At the most basic level, computers only understand bits. These bits have no intrinsic meaning.

To represent human-readable characters, we need to use a character set. A character set is a set of characters, each of which has a defined mapping to a unique sequence of bits.

Early character sets including ASCII have traditionally used 1 byte i.e. 8 bits to encode a single character of text in a computer. Languages like C simply had to provide a single data type (char) that was capable of representing 8 bytes to store characters.

Modern character sets including Unicode, which are tasked with representing every character known to man, often have to use more than 1 byte to encode a single human-readable character of text. For example, the Unicode UTF-8 encoding uses anywhere between 1 and 4 bytes to represent a single code point [2].
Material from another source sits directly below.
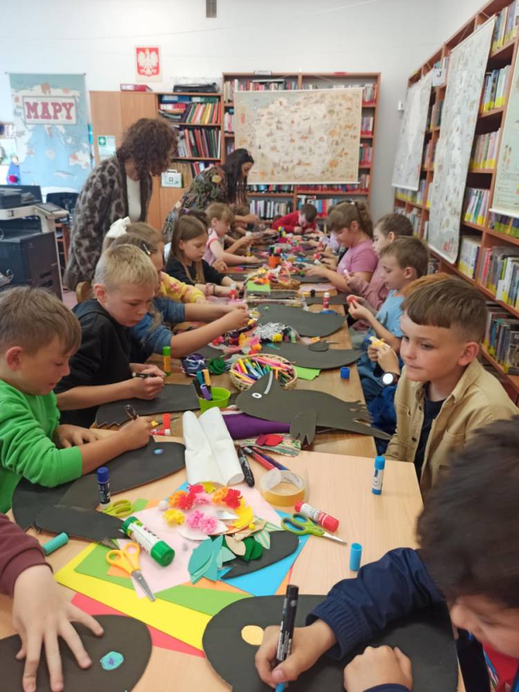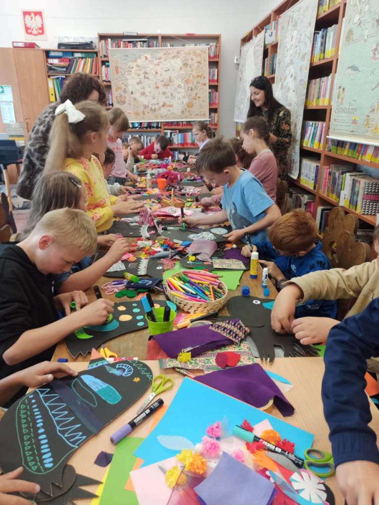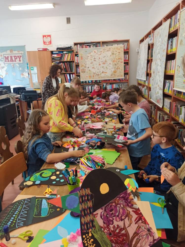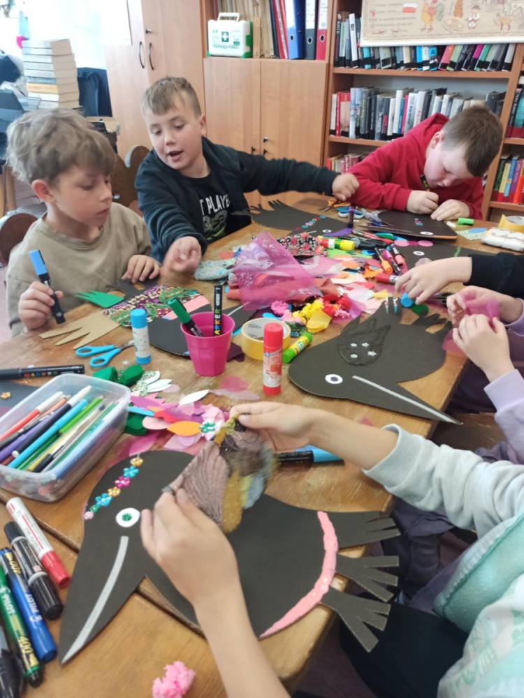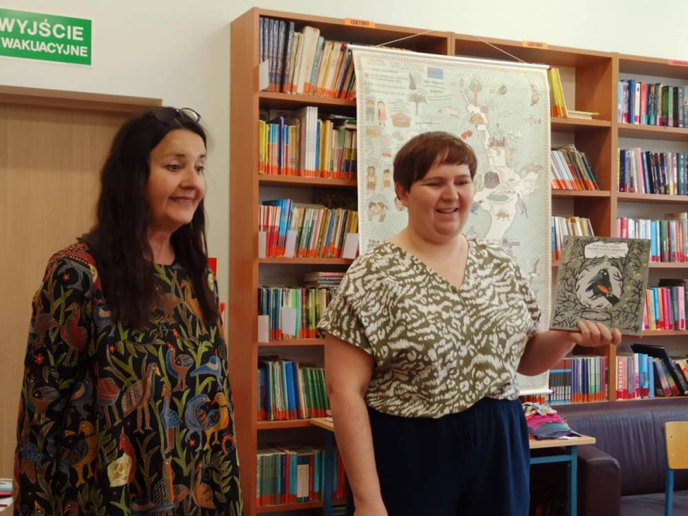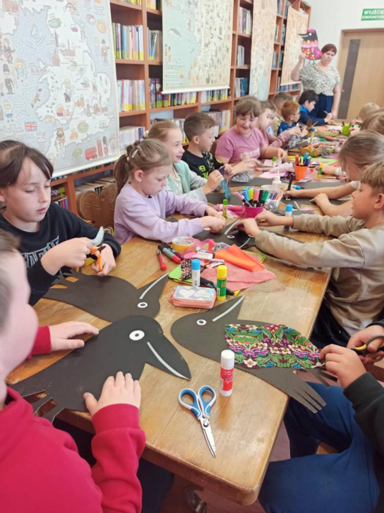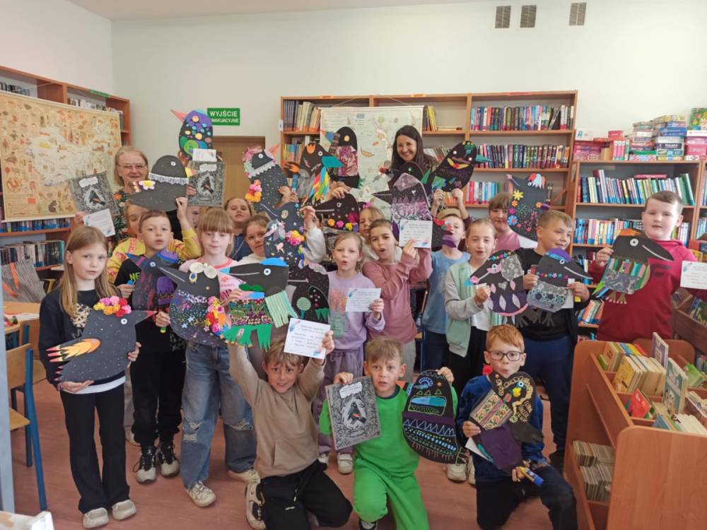 Za nami bajecznie kolorowe spotkanie autorskie i warsztaty z Agnieszką Żelewską, ilustratorką i graficzką komputerową, która odwiedziła bibliotekę w piątek - 16 maja br. Zajęcia z panią Agnieszką zostały oparte o książkę "O kruku, który chciał zostać papugą", nagrodzoną nagrodą Żółtej Ciżemki 2021. Główny bohater powieści - KRUK, ma problem. Z niechęcią patrzy na swoje kruczoczarne pióra, chciałby być inny, kolorowy, egzotyczny.

To work with modern text in Go, we must understand three fundamental data types.

Bytes

A byte is an unsigned 8-bit integer. In other words, the byte type is an alias for the uint8 type [3]. We use byte instead of uint8 in any situation where the numerical value represents an encoding of a character, and not merely a standard 8-bit unsigned integer. Note that a byte is equivalent to the char type in C.

A byte can store any number between 0-255 and can used to represent a single-byte UTF-8 code point- these are identical to the ASCII characters.

We define bytes using either single quotes or the encoding of the character.

For example, we can specify the letter a as a byte:

var a byte = 97   // valid
var a byte = 'a'  // valid
var a byte = '🏖️'  // invalid

However, attempting to store a multi-byte character such as 🏖️ results in an overflow.

If we were using a language that only provided single-byte character support, like C, we’d either have to stop here and endure the pain of emoji-less code, or implement the functionality ourselves.

Thankfully, we can sleep easy- Go provides an additional data type for just such a situation.

Runes

A rune is a 32-bit signed integer. In other words, the rune type is an alias for the int32 type.

A rune is used to represent a single UTF-8 code point. Since UTF-8 code points range from 1 to 4 bytes i.e. 32-bits long, a rune can be used to store any UTF-8 code point.

We define runes using single quotes:

r1 := `©`
var r2 = 'k'
var r3 rune = '🏖️'

Note that when using single quotes, the default type is rune. Since a byte is also defined using single quotes, we must explicitly specify the type when we want to define a byte.

You might be wondering when to use rune over byte or vice versa. Runes are always composed of 4 bytes- this means that when storing single-byte ASCII values, 3-bytes are always wasted. For maximum memory-efficiency, we use bytes for single-byte code points/ASCII values and runes for multi-byte code points.

Now that we know that a byte is used to represent a single byte code-point, and that a rune is used to represent multi-byte code-points, we’re ready for the final data type.

Strings

In Go, there are two types of strings; string literals and string values.

String Literals

String literals are strings that are explicitly written in the source code.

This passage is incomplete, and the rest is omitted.